Have lived in Florida for 42 years. This year has been typical for heat, but not for rain. Only 2 inches in July and although almost 7 inches was officially reported for June - not at my house!! My gardens are really drooping. I can't wait for cooler weather.

When I was a kid in the 50's

When I was a kid in the 50's and 60's, I wore short sleeves from Valentines Day until Halloween in Houston. Summer had brief showers and the raindrops were warm. Warm summer rain ended in the 90's. Then cool days extended from Valentines Day. By the 00's, warm days started in April, then May. This year, June was the end of spring.

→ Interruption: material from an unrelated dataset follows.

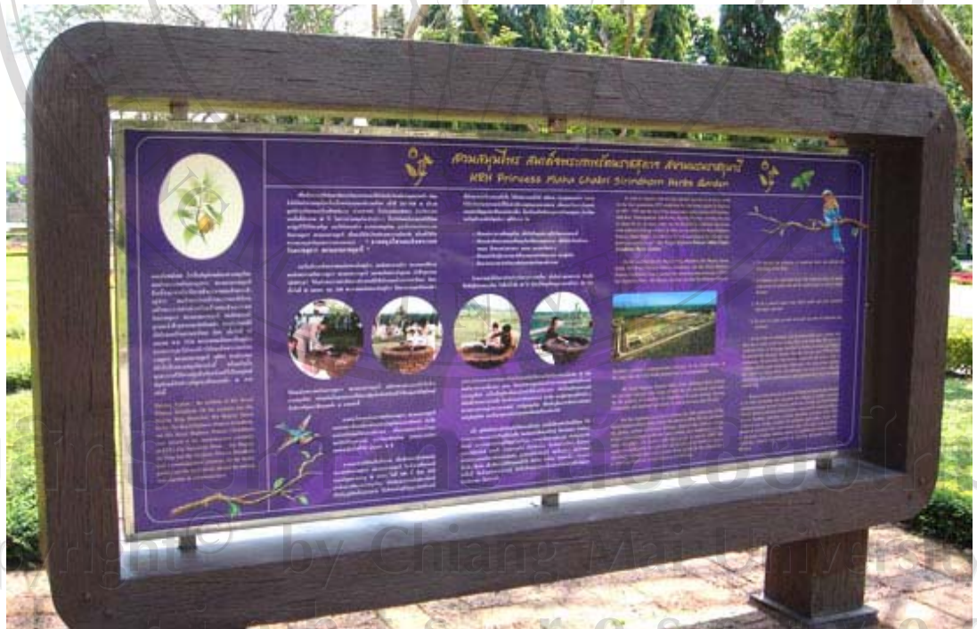
ภาพ 7 ภาพแสดงป้ายแสดงประวัติความเป็นมาของสวนสมุนไพรมุข
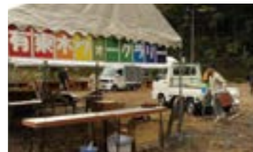
開催準備を行う部農会員

また、部農会活動では管内にある7部農会すべてが協力して、大会の準備運営にあたりました。

Only July was hot. And cool temps begin in Sep, not Nov, like my childhood. And spring has many non-humid days. Houston weather is getting better! (Couldn't get much worse!)

As a Southern California

As a Southern California native living in Virginia for the past 20 years (as of August 23rd), I have had to get used to "yucky" humid weather and nights that don't cool off because there is no such thing as an "offshore flow.." But, the upside is that we have 4 real seasons here, even if recently Spring tends to be too short, as it often seems to go from Winter into Summer with hardly a pause. From the map it appears that our hottest day traditionally has been in mid-July, so the worst, I hope, is over. In July of this year, I ran the a/c non-stop for over two weeks -- the electric bill was huge! Can hardly wait until fall.

Weather in Jonesboro,

Weather in Jonesboro, arkansas has been more spring-like than summer...we'll see what August brings

I live in Central California

I live in Central California and the peak of the hottest period is therefore in late July. So now it is the hottest period of the year. I don't really complain about the weather; I'm open to love anything or almost anything. Summer and fall are both tied for my favorite seasons, but I don't have a favorite weather type. Anyway, I still don't want summer to end. I still am happy that it's summer!